Порфирий махнул рукой, но я не унимался:
– Что ты сочиняешь, господин? Трагедии? Эпиграммы?
– Нечто среднее.
– А что находится посередине между трагедией и эпиграммой? Что ты называешь «опытами»?
Порфирий прокашлялся, и я догадался, что ответ на этот вопрос он репетировал не раз.
– Представь сочинение, взявшее у эпиграммы свою краткость, а у трагедии – глубину постижения человеческого удела… Вот этих уродцев я и создаю. Но втайне от всех.
– Но зачем скрывать такую возвышенную привычку? Она могла бы прославить тебя еще сильнее.
Порфирий хмуро поглядел на меня.
– Я не стремлюсь к лишней славе. Если ты распробуешь это блюдо как следует, поймешь, какая от него изжога. Принцепсу не пристала репутация артиста. Нерона возненавидели не за дворец на римском пожарище, а за то, что он играл и пел перед толпой. За это его и сжили со свету. За талант. Он был непревзойденным кифаредом.

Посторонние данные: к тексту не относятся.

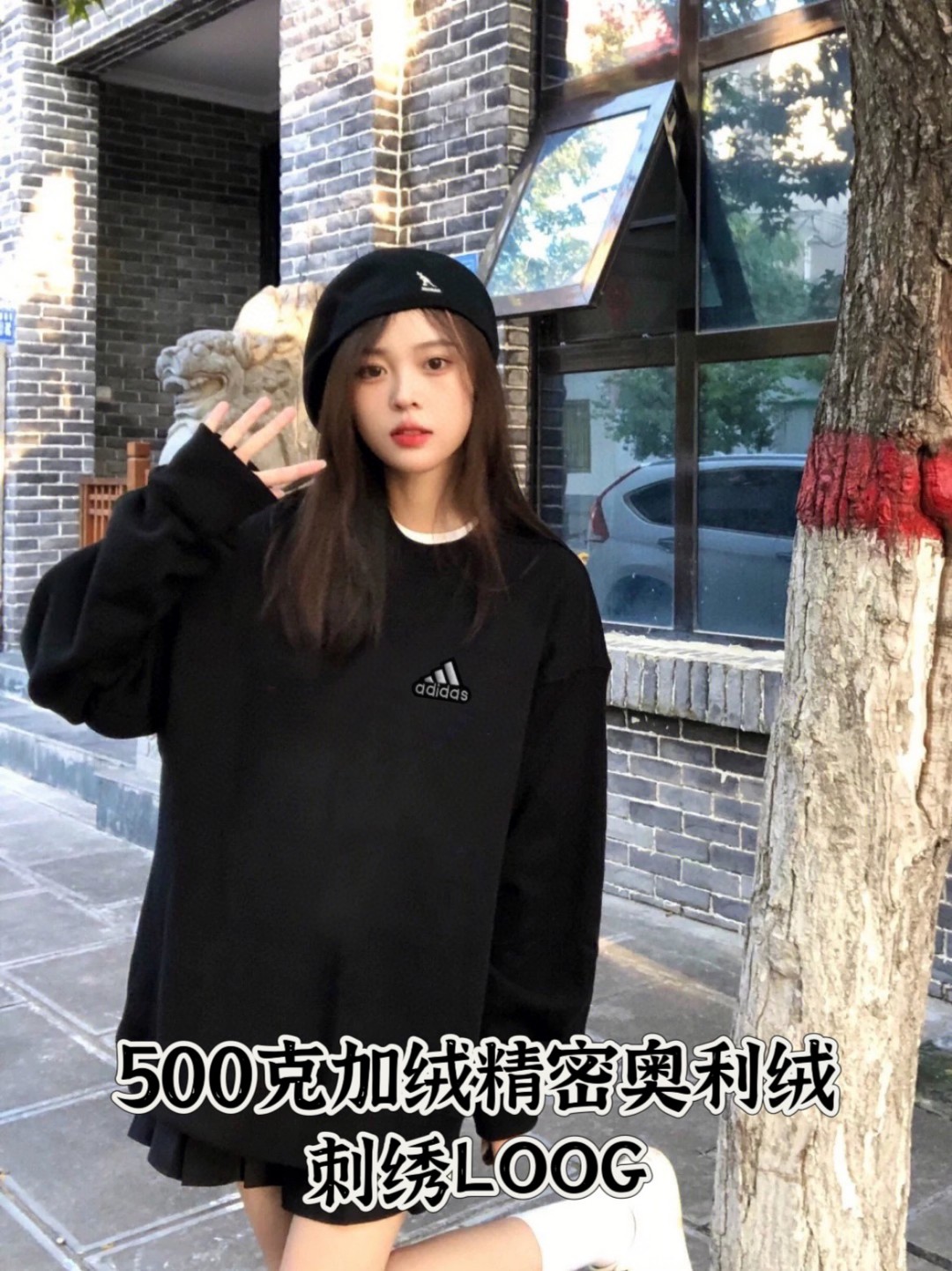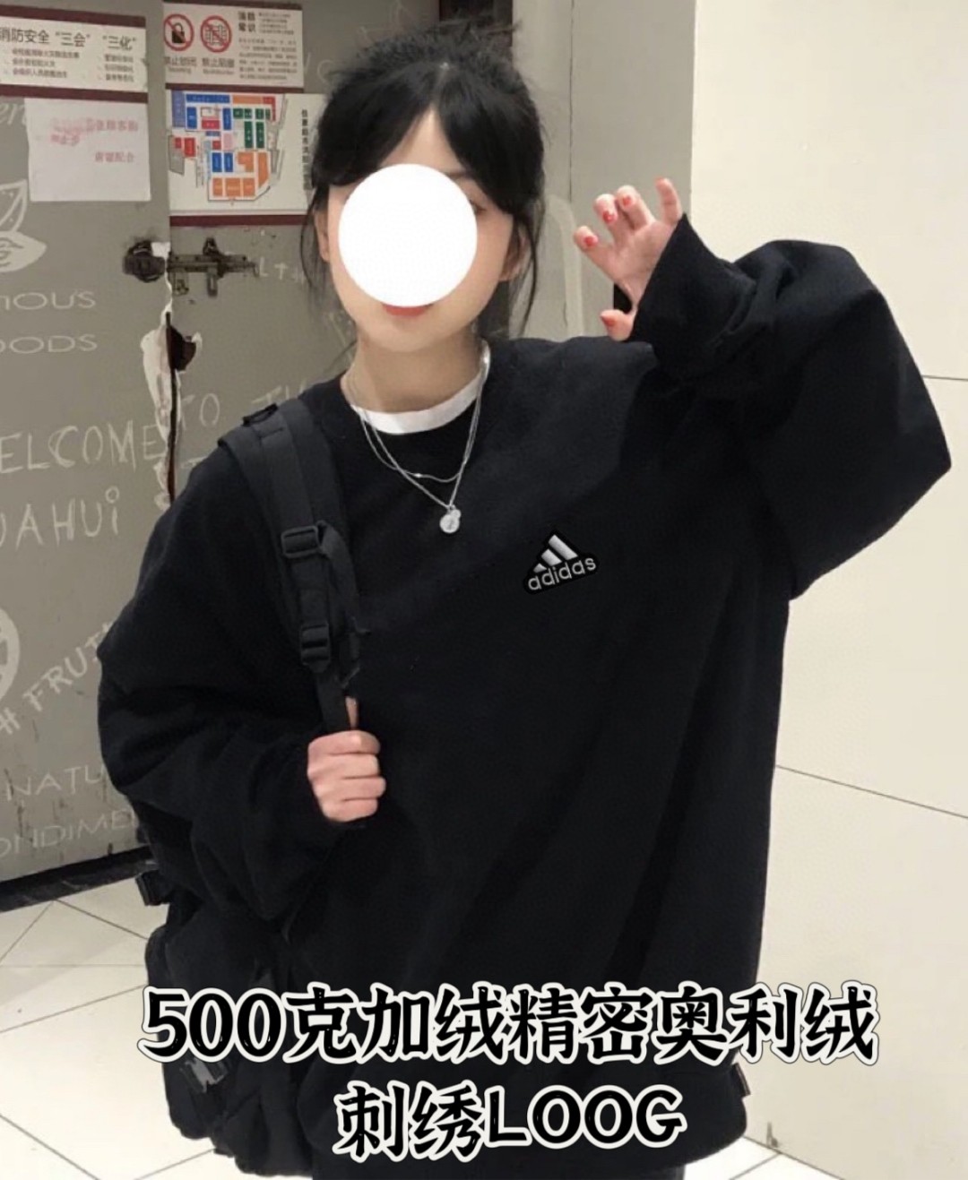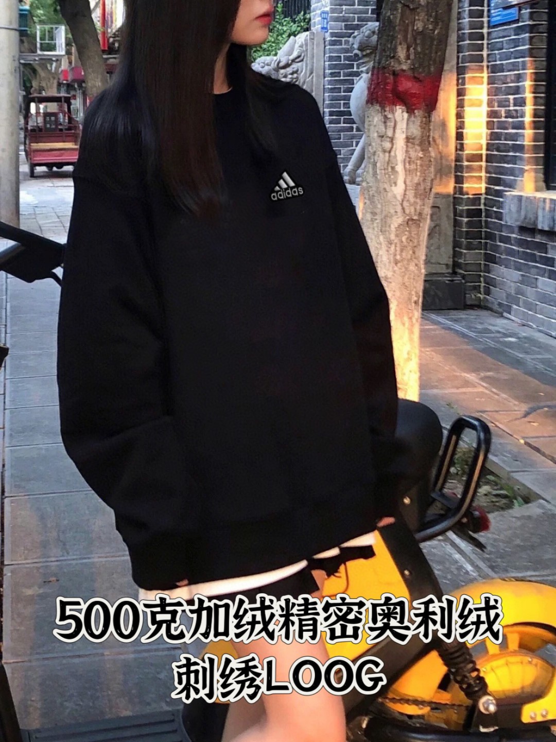 售后不停 原版质量 500克奥利绒阿迪达斯Adidas500克加绒圆领卫衣情侣款男女同款黑色圆领卫衣

– Да, – сказал я. – Так говорят. Но Марк Аврелий, которого ты упоминаешь, написал возвышенный философский трактат. А божественный Юлий – записки о том, как он сражался в Галлии. Это добавило им почета.
– Верно, – ответил Порфирий, – здесь ты прав. Но труд Марка Аврелия хвалят, потому что никто его не понимает. Так люди пытаются показаться умнее. А книгу Цезаря ценят, поскольку не могут повторить его путь. Если бы кто-то из принцепсов сочинял неприличные эпиграммы, как Марциал, или похабные романы, как Петроний, публика была бы к ним менее благосклонна. Принцепсу не прощают ничего человеческого, Маркус.
– Да, господин, это так.
– Поэтому, – продолжал Порфирий, – я не открываю никому, что грешу сочинительством…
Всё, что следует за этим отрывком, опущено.